Introduction to Public Speaking
Public speaking is a crucial skill that involves effectively communicating with an audience. It encompasses various elements, including the delivery of information, persuasion, and entertainment. An effective public speaker must be knowledgeable, credible, and capable of engaging the audience. The introduction of a speech serves to capture the audience's attention, establish the speaker's credibility, and provide a preview of the main points to be discussed .
VPN and Wireguard
A Virtual Private Network (VPN) is a technology that enables the creation of secure, encrypted connections over a public network, such as the internet. Wireguard is a modern VPN protocol that operates at the kernel level, acting as a network interface. It is based on public and private key exchange, similar to SSH, and is known for its efficiency and simplicity. Wireguard can be used to connect different hosts across datacenters, providing encrypted connections without exposing public APIs on the internet .
Setting Up a VPN Server on Google Cloud Platform (GCP) with Wireguard
The process of setting up a VPN server on GCP with Wireguard involves several key steps, including creating a virtual instance, setting up SSH keys, installing Wireguard, configuring the Wireguard server, and setting up clients. The server-side setup includes creating a virtual host on GCP, setting up SSH keys for secure access, installing Wireguard, configuring the Wireguard server, adding firewall rules in GCP, and configuring clients.
Conclusion
In conclusion, the implementation of a VPN server on GCP with Wireguard involves a series of meticulous steps to ensure secure and encrypted connections.

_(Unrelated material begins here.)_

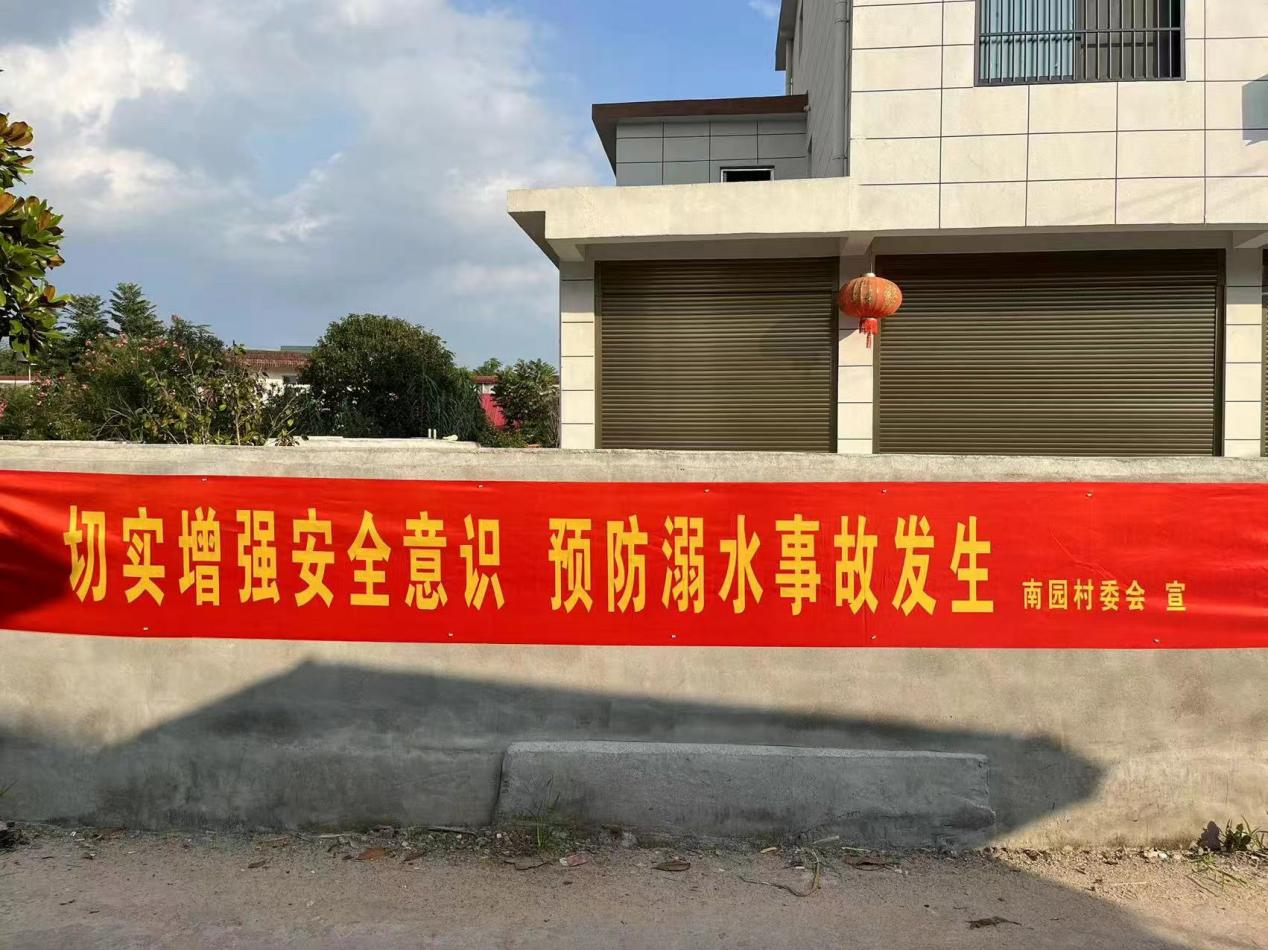 为了进一步加强村内居民防溺水安全意识,南园村通过张贴宣传横幅、电子显示屏滚动播放、开展专项会议等形式,多途径开展宣传活动,全方面地向群众宣传防溺水工作。

This setup is essential for connecting different hosts across various environments, including enterprise and cloud-based scenarios. The use of modern VPN protocols like Wireguard ensures efficient and secure communication, making it a valuable tool for network administrators and organizations.
If you have any specific questions about the concepts discussed or need further details on any aspect of VPN server setup, feel free to ask!